In a U.S. Department of Justice release dated September 18, 2003, the United States Attorney for the Southern District of New York announced that J. Bryan Williams, a former senior executive of Mobil Oil Corp., had been sentenced to three years and ten months in prison on charges of evading income taxes on more than $7 million in unreported income, "including a $2 million kickback he received in connection with Mobil's oil business in Kazakhstan." According to documents filed with the court, Williams' unreported income included millions of dollars in kickbacks from governments, persons, and other entities with whom Williams conducted business while employed by Mobil.
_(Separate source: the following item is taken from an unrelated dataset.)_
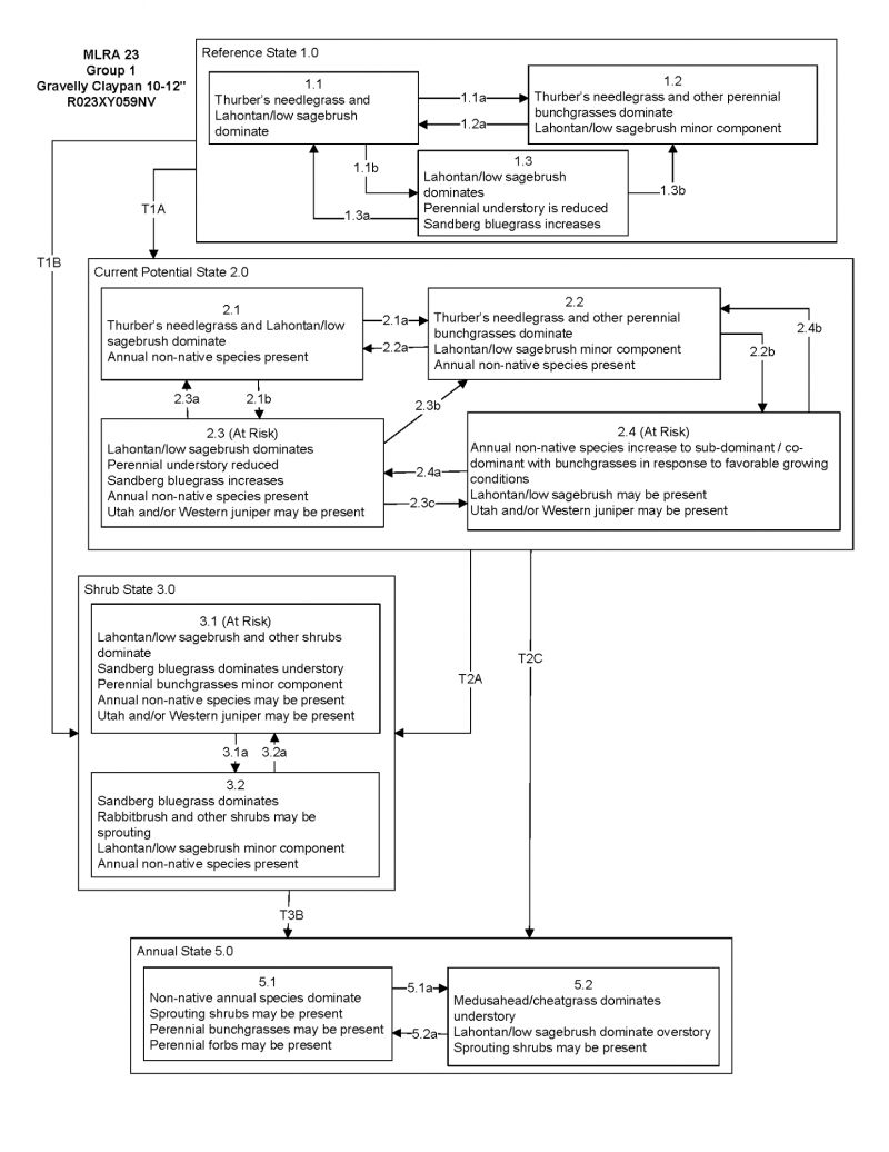 The dominant grasses on this site are Thurber’s and Webber’s needlegrass. Like the modal site, Low sagebrush is the dominant shrub and spiny hopsage (Grayia spinosa) is a subdominant shrub. It is less productive than the modal site with 450 lbs/ac in a normal year. This site is found on convex summits and backslopes of low hills and erosional fan remnants, from 5000 to 6000 feet. The soils on this site have formed in alluvium or residuum derived from volcanic rock sources. These soils are generally shallow or moderately deep. There is a moderate to strong-structured, clay subsoil ranging from 8 to 12 inches in the soil profile. The soils have high amounts of gravel and/or small cobbles (over 65 percent ground cover) on the surface which provide a stabilizing effect on surface erosion conditions. This site has a four state model; it is unlikely to get a tree state or an eroded state. This site has been seen in a shrub state with no non-native annuals, indicating that it can transition from Reference to the Shrub State, Transition T1B: Long-term inappropriate grazing management favors shrubs and the shallow-rooted Sandberg bluegrass.

In addition to his sentence, Williams must pay a fine of $25,000 and more than $3.5 million in restitution to the IRS, in addition to penalties and interest.[104]
Human rights
ExxonMobil is the target of human rights activists for actions taken by the corporation in the Indonesian territory of Aceh. In June 2001, a lawsuit against ExxonMobil was filed in the Federal District Court of the District of Columbia under the Alien Tort Claims Act. The suit alleges that the ExxonMobil knowingly assisted human rights violations, including torture, murder and rape, by employing and providing material support to Indonesian military forces, who committed the alleged offenses during civil unrest in Aceh. Human rights complaints involving Exxon's (Exxon and Mobil had not yet merged) relationship with the Indonesian military first arose in 1992; the company denies these accusations and filed a motion to dismiss the suit, which was denied in 2008 by a federal judge.[105] But another federal judge dismissed the lawsuit in August 2009.[106] The plaintiffs are currently appealing the dismissal.LGBT
When Exxon Corp. merged with Mobil Corp. in 1999, the newly merged company ended enrollment in Mobil Corp.'s domestic partner benefits for same-sex partners of employees, and it rescinded formal prohibitions against discrimination based on sexual orientation by removing it from the company's Equal Employment Opportunity policy.[107] The Human Rights Campaign, an LGBT lobbying group and political action committee, gave ExxonMobil a score of "-25", the first and only negative score, in its Corporate Equality Index, a scorecard that rated 1000 companies on several criteria including diversity training that covers gender identity issues, transgender-inclusive medical coverage including surgical procedures, and "positively engaging the external LGBT community."[108] On May 26, 2010, ExxonMobil shareholders voted down LGBT benefits for its employees – only 22 percent of shareholders voted yes for the issue.[109] On January 20, 2015, ExxonMobil announced it had adopted language in its non-discrimination policy to add sexual orientation and gender identity to the company's non-discrimination policy.[110]Investigative book: Private Empire: ExxonMobil and American Power
A July 2012 review of Steve Coll's book, Private Empire: ExxonMobil and American Power, in The Daily Telegraph says that he thinks that ExxonMobil has "grown into one of the planet’s most hated corporations, able to determine American foreign policy and the fate of entire nations".[15]ExxonMobil increasingly drills in terrains leased to them by dictatorships, such as those in Chad and Equatorial Guinea.[15] Steve Coll describes Lee Raymond, the corporation’s chief executive until 2005, as "notoriously skeptical about climate change and disliked government interference at any level".[15]